Dear James: The wood frame windows in my vintage house are pretty deteriorated. I want to repair them, not replace them, to maintain its character. What repairs to them can I do myself? — Don H.
Dear Don: People are often surprised by the significant impact of window style on the overall appearance of an older house. Unless the frames are totally rotten, you should be able to repair almost any part to return them to almost like-new condition.
If a lot of them are in very bad condition, get a quote on having them all replaced. It might end up being less expensive than repairing them. Some of the major replacement wood window manufacturers may be able to closely match frame profiles and styling of the old windows.
It can be hazardous when inspecting and repairing windows, so take proper safety precautions. Wear heavy work gloves because cracked window glass may splinter when you move a window sash to check it. When using a ladder, make sure it is supported on solid level ground and always have a helper steady the ladder.
Typical problems to inspect for are rotten areas in the sill and joints in the frame where moisture may have collected. Also be sure to look for gaps where the frame meets the house walls and for deteriorated and missing putty. Slide double-hung windows up and down to check for broken ropes on counterbalance weights. On hinged windows, check for rust and frozen hinges.

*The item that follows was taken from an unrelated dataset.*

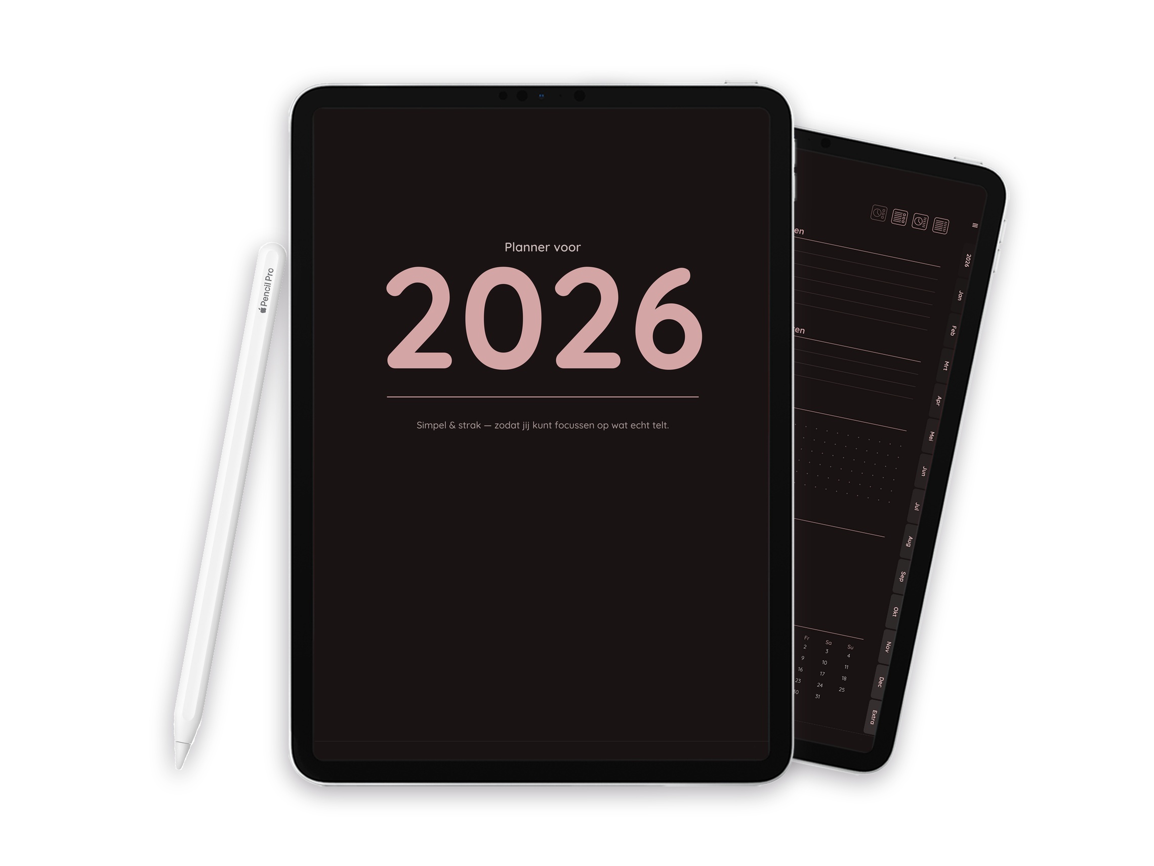 Een strakke, minimalistische digitale planner voor 2026, ontworpen om je te helpen plannen met rust en overzicht — zonder overbodige afleiding.

Wherever you find a spot where the painted finish is broken, probe it with a screwdriver. It may be rotten under the paint from years of trapped moisture. Chisel out all the rotten wood. Use a wood repair kit, which consists of a hardening resin and wood filler. When the rotten spot is filled and sanded, paint it with sealer to block any more moisture.
You will no doubt find some hinged casement windows that won't swing open. This is most often caused by a buildup of many coats of paint, which makes them stick closed. If you find frozen or rusted hinges, it is best to replace them. Replacement hinges should be easy to find.
If you find gaps between the frame and the wall opening, check it for rot first. If the wood is sound, caulk the gaps. Use standard acrylic latex caulk on narrow gaps. It accepts most paint very well. If the gaps are fairly wide, either fill them with foam caulk or backer rope and then caulk over it.
The most difficult task will be replacing broken counterbalance ropes on double-hung windows. This requires removing the sashes and disassembling the window frame to get access to the weight well. To remain authentic, install new ropes and rebuild the window.
Another option is to install spring-loaded tracks that hold the window in any open position. These are fairly simple to install and they look almost the same as the original setup. If you do this, fill the weight well with insulating foam to be most energy efficient.
Take your time and chip out any old cracked putty and replace it with new putty. Don't rush this task and just cover some bad old putty spots with new. You will just end up having to do it again properly in a year or two.
Send your questions to Here's How, 6906 Royalgreen Dr., Cincinnati, OH 45244 or visit www.dulley.com. To find out more about James Dulley and read features by other Creators Syndicate writers and cartoonists, visit the Creators Syndicate website at www.creators.com.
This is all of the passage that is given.